Everything is better in a hut

Finally we arrived at the hut, for a night of card playing, tea drinking and oversize elk steaks. As my friend so eloquently put it “Everything is better in a hut.” Which is true of so many things.

With only four of us in a 16-person hut, it kind of felt like we were staying at a camp during the offseason.

The next day, we went powder seeking at a relatively sane hour of 10:00 a.m.

Quickly we found some, north facing shots about one mile from the hut. These relatively short slopes were mostly low angled terrain of 30 degrees or less, but the powder stayed below freezing and skiied marvelously.

We spent the good part of that day farming the same area. Though there was really no need: with so much wide open real estate in such a remote setting, there was plenty left to ski—and no one would probably be here for several more days.

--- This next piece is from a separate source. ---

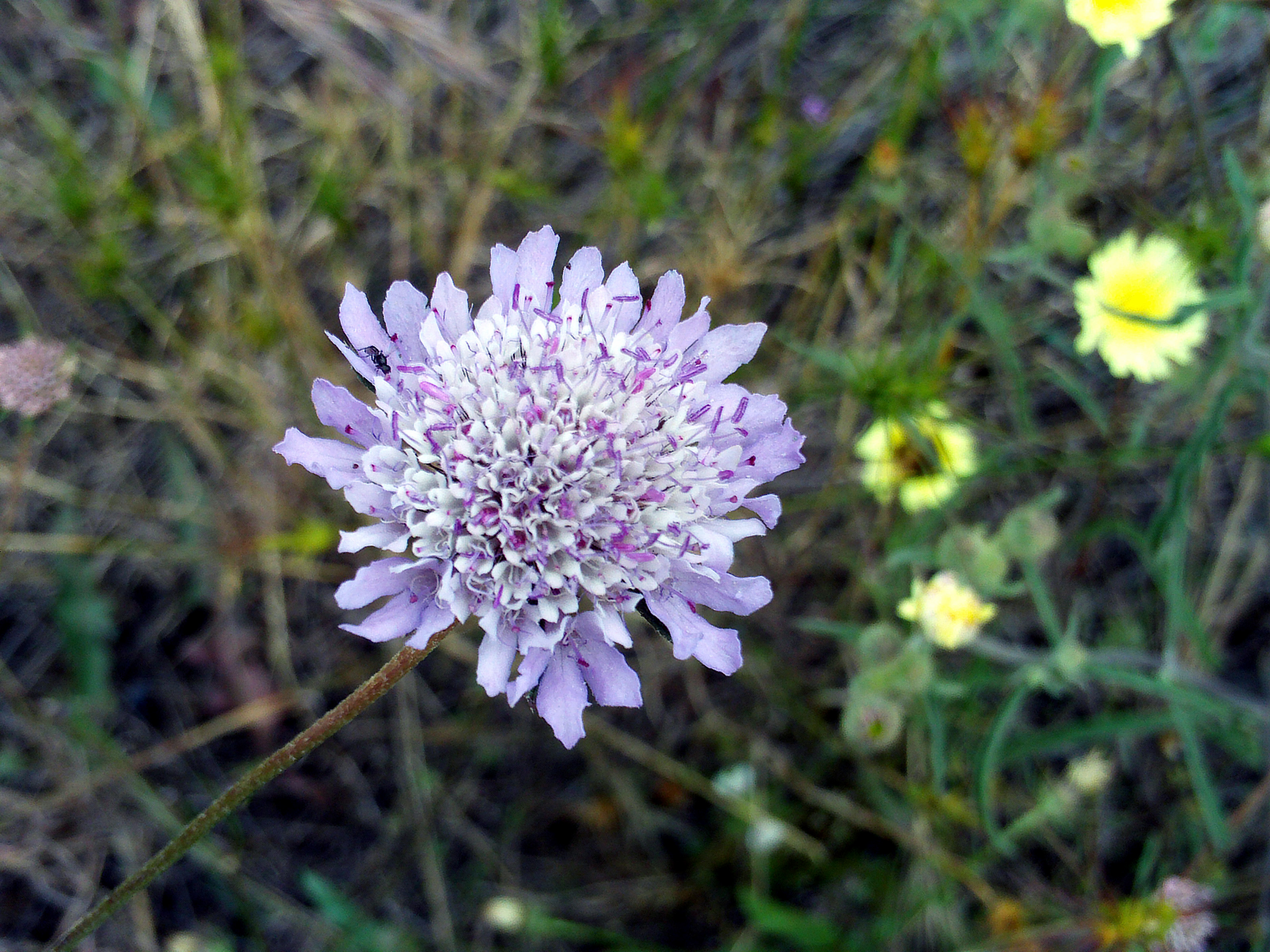 Scabiosa atropurpurea Close up Dehesa Boyal de Puertollano Spain.

We returned the same area the last morning for a few more laps. It began snowing and the freshly falling snowflakes, floating down like white confetti, amped our ski stoke and left us wanting more.

All in all, it was a great trip. There were plenty of good conversation and more Dumb and Dumber quotes—we pretty much recycled all possible.

I’m looking forward to more hut adventures with this crew—ones planned well in advance or I’ll gladly take another Hut Du Jour.

Fresh powder = farmed and thoroughly enjoyed.